- Coat of arms
- Interactive map of Vasmegyer
- Country: Hungary
- County: Szabolcs-Szatmár-Bereg

Area
- • Total: 22.73 km^{2} (8.78 sq mi)

Population (2006)
- • Total: 1,621
- • Density: 72.59/km^{2} (188.0/sq mi)
- Time zone: UTC+1 (CET)
- • Summer (DST): UTC+2 (CEST)
- Postal code: 4502
- Area code: 42

= Vasmegyer =

Location of Szabolcs-Szatmar-Bereg county in Hungary

Vasmegyer is a village in Szabolcs-Szatmár-Bereg county, in the Northern Great Plain region of eastern Hungary.

==Geography==
It covers an area of 22.73 km2 and has a population of 1621 people (2006).

== History ==
The settlement and its surroundings have been inhabited since ancient times, and people have lived in the area since the Stone Age, as evidenced by the finds found here.

According to tradition, the ancient settlement was named after the leader of Megyer.

The name of the settlement was first mentioned by the diplomatic archives in 1452 as Meger, and then in the data of the national archives of the foundry it appears in 1462 in the form of Felmegyer. The charter of the archives of the Kállay family, dated 1466, already mentioned it as Vas-Megyer.

The owners of the settlement were members of the Vas family in the mid-1300s.
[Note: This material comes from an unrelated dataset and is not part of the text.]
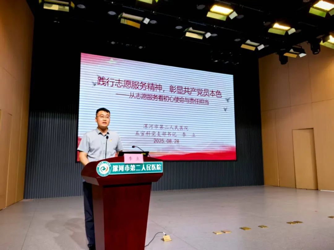 市二院五官科黨支部書記李立以《踐行志愿服務精神,彰顯共產黨員本色——從志愿服務看初心使命與責任擔當》為題,從志愿服務是黨員必修課、志愿服務中的黨性密碼、黨員志愿服務實踐路徑、志愿服務是黨性修養(yǎng)實踐等4個方面,結合醫(yī)院大量的志愿服務實例,講述了市二院黨委如何通過“一支部一品牌”活動的開展來發(fā)揮黨支部的戰(zhàn)斗堡壘作用和黨員的先鋒模范作用。

In 1385, Queen Mary donated the estate of Miklós Vas, who died without a successor, to Sebestén Csaholyi from the Csaholyi family.

In 1446 the Stritey family was the landlord of the settlement, and in the 18th century the Megyeri, Oláhok and Vécseyek.

At the beginning of the 20th century, it was owned by Géza Megyery, György Bónis and Antal Deutsch.

According to tradition, there was once a cluster on the border of Vasmegyer, in the part called Apáti dűlő, the ruins of which date back to the 20th century. They were also visible at the beginning of the 19th century, and old money was found among these ruins several times.